╭─ INPUT DATA

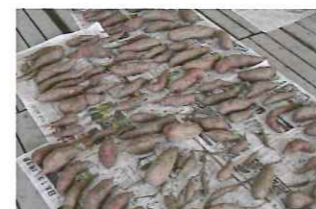
たくさん 収穫できました!

春の耕起作業からはじまり、畝立て作業やマルチかけ作業など、たくさんのボランティアの方々に畑づくりにご協力いただき、子どもたちは、楽しく実習を行うことができました。
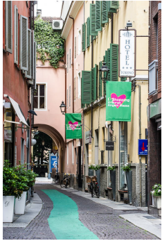
Hotel Torino - Parma www.hotel-torino.it

╰─

Every line above must be printed again exactly, pictures excluded.

たくさん 収穫できました!

春の耕起作業からはじまり、畝立て作業やマルチかけ作業など、たくさんのボランティアの方々に畑づくりにご協力いただき、子どもたちは、楽しく実習を行うことができました。
Hotel Torino - Parma www.hotel-torino.it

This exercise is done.